[Saved data entries]
------------------------------------------------------------

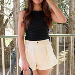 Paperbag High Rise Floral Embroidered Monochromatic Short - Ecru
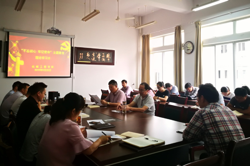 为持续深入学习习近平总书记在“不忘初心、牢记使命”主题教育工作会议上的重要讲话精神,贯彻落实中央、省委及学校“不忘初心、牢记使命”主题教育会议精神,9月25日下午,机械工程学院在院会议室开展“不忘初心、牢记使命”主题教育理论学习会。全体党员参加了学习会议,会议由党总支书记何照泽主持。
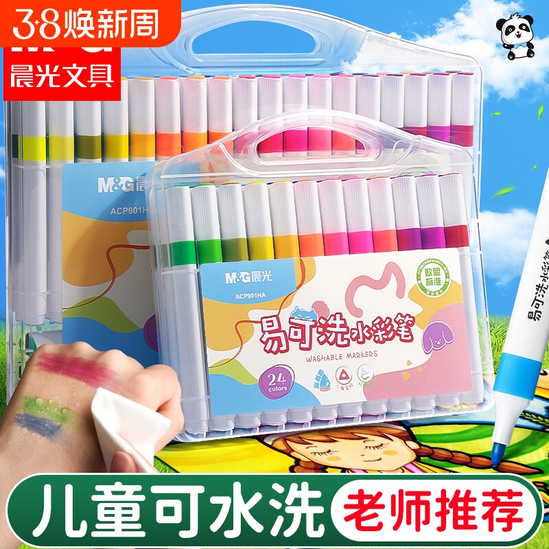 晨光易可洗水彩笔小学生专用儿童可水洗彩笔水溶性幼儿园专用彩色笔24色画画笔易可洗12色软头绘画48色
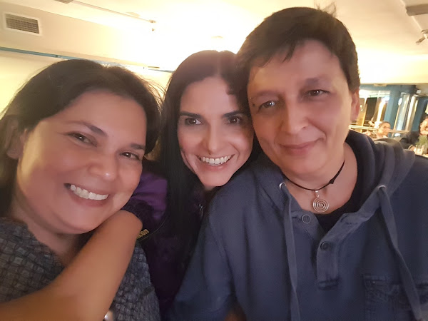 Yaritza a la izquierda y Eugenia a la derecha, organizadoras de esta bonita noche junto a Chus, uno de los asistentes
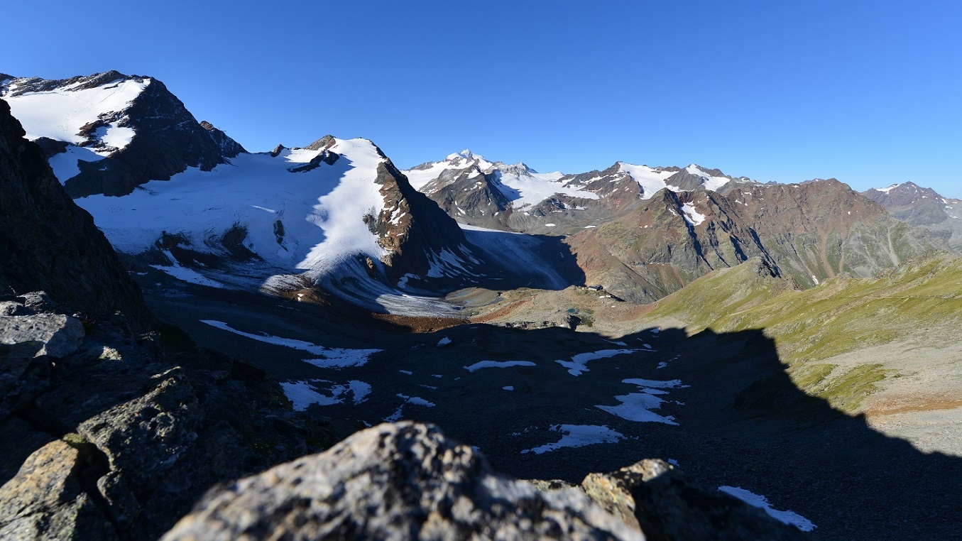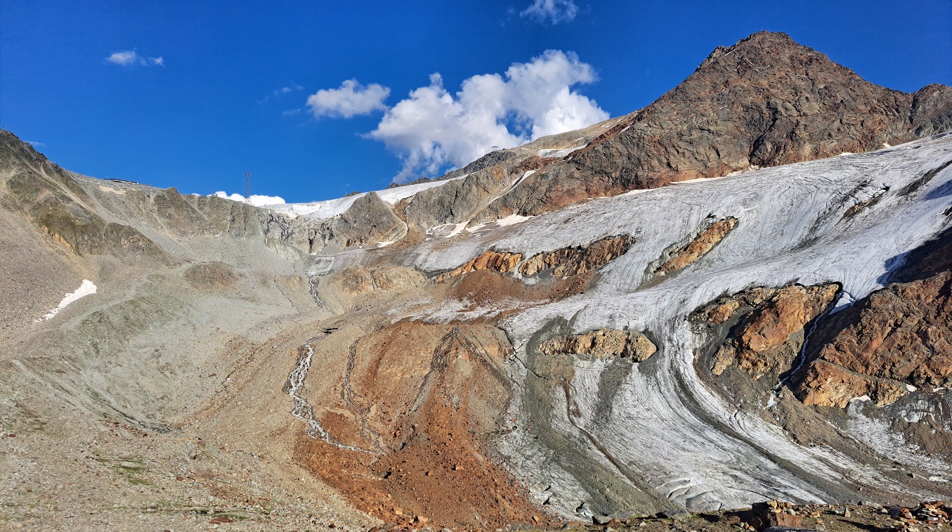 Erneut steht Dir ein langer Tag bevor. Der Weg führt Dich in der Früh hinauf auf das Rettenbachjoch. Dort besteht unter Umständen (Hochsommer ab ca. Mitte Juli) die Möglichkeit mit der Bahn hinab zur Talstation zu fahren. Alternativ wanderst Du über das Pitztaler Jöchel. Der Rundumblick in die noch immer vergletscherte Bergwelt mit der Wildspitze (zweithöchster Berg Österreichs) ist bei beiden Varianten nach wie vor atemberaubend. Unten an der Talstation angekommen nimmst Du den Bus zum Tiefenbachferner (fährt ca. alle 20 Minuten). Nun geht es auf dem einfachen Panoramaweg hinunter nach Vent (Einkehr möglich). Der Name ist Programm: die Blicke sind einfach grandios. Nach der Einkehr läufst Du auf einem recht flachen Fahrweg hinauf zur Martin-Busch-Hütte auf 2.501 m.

------------------------------------------------------------

Work item
Among the entries above, take the line with "晨光易可洗水彩笔小学生专用儿", the line with "Yaritza a la", and all the lines between them, and restate them word for word without pictures.

Answer to this exercise
 晨光易可洗水彩笔小学生专用儿童可水洗彩笔水溶性幼儿园专用彩色笔24色画画笔易可洗12色软头绘画48色
 Yaritza a la izquierda y Eugenia a la derecha, organizadoras de esta bonita noche junto a Chus, uno de los asistentes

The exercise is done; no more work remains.